**Exercise:**
In the output, include exactly the lines from the beginning of the records up to and including the one that contains "在品牌軟性建設(shè)中,以內(nèi", and leave out the pictures.

**Input data:**
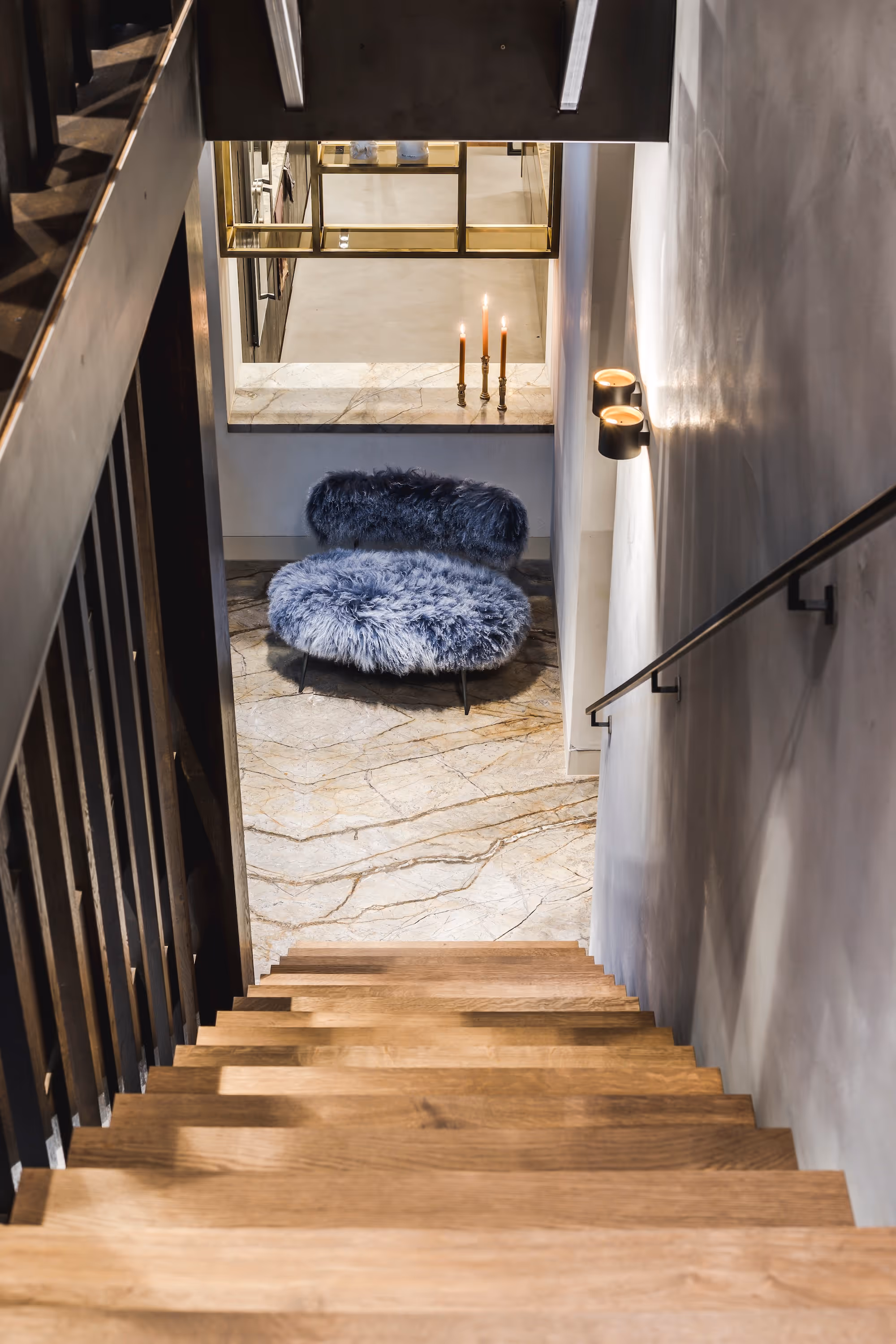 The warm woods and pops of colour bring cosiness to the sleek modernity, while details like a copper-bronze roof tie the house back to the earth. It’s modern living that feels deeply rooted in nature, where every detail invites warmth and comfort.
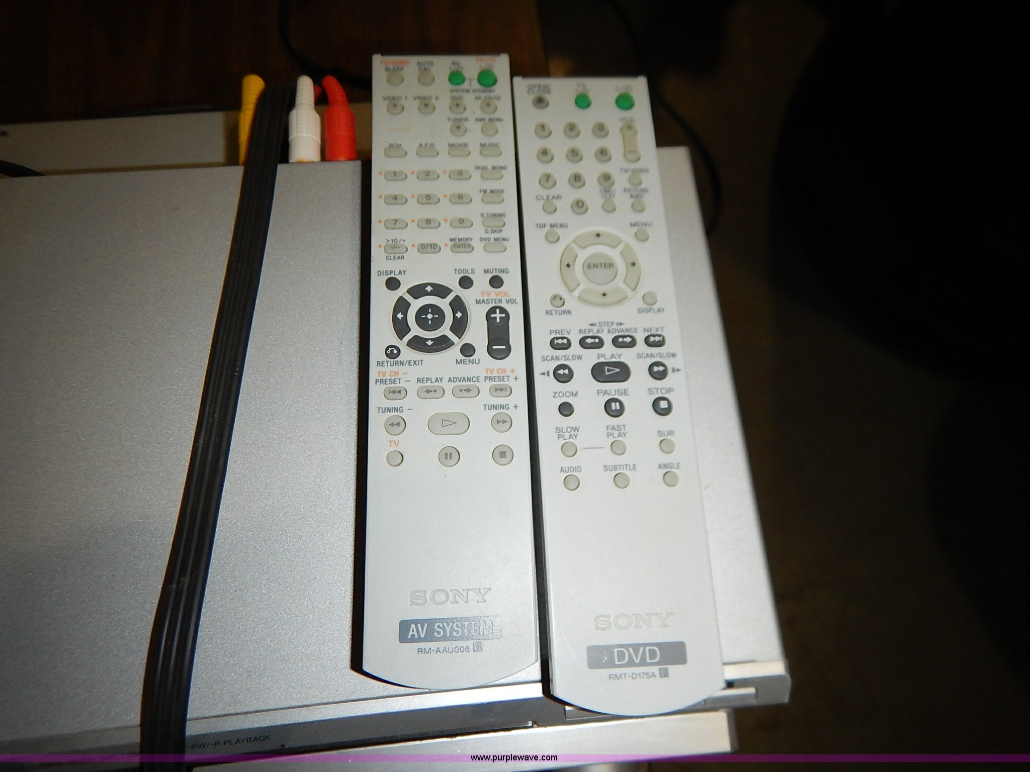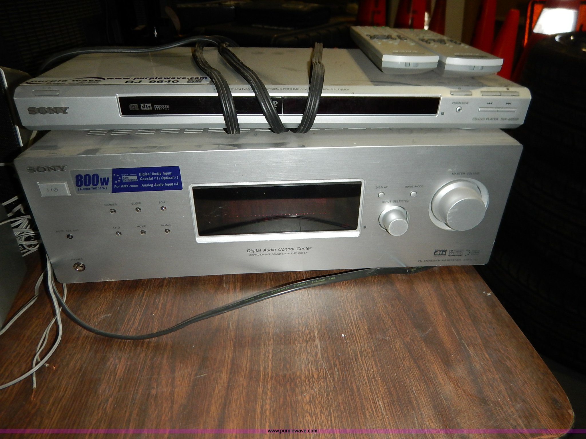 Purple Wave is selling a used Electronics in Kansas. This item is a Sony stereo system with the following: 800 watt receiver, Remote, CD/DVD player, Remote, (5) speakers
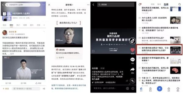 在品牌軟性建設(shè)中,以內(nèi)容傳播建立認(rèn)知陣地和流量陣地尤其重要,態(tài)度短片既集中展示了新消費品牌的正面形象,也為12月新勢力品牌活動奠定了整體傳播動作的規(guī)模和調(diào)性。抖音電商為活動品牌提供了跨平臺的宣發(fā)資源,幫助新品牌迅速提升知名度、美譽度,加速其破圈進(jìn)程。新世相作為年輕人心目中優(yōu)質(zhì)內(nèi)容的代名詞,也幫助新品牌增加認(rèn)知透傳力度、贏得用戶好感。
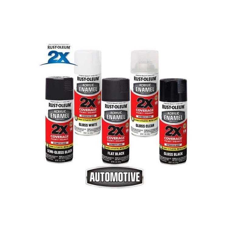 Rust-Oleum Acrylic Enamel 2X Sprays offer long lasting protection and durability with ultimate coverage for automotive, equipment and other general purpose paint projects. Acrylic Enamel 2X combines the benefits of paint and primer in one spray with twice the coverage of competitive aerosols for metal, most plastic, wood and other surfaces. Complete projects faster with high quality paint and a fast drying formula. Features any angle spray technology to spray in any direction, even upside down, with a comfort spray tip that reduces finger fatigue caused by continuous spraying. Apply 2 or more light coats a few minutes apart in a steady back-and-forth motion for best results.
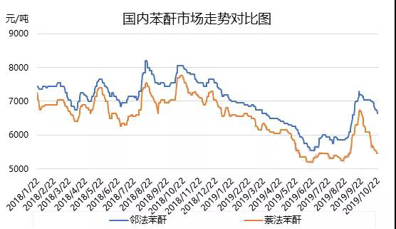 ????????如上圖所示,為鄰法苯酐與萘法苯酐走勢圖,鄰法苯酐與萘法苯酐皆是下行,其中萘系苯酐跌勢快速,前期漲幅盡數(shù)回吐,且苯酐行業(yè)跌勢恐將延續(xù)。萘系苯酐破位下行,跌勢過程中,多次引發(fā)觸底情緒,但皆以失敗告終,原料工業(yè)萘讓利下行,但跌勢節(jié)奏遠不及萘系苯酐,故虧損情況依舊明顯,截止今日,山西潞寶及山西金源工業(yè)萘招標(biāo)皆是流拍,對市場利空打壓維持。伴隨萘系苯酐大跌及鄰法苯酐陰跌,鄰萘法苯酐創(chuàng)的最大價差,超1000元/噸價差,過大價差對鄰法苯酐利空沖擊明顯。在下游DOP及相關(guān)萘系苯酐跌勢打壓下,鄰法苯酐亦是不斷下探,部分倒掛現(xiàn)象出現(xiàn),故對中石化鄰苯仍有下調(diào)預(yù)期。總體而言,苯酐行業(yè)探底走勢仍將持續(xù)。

**Task answer:**
 The warm woods and pops of colour bring cosiness to the sleek modernity, while details like a copper-bronze roof tie the house back to the earth. It’s modern living that feels deeply rooted in nature, where every detail invites warmth and comfort.
 Purple Wave is selling a used Electronics in Kansas. This item is a Sony stereo system with the following: 800 watt receiver, Remote, CD/DVD player, Remote, (5) speakers
 在品牌軟性建設(shè)中,以內(nèi)容傳播建立認(rèn)知陣地和流量陣地尤其重要,態(tài)度短片既集中展示了新消費品牌的正面形象,也為12月新勢力品牌活動奠定了整體傳播動作的規(guī)模和調(diào)性。抖音電商為活動品牌提供了跨平臺的宣發(fā)資源,幫助新品牌迅速提升知名度、美譽度,加速其破圈進(jìn)程。新世相作為年輕人心目中優(yōu)質(zhì)內(nèi)容的代名詞,也幫助新品牌增加認(rèn)知透傳力度、贏得用戶好感。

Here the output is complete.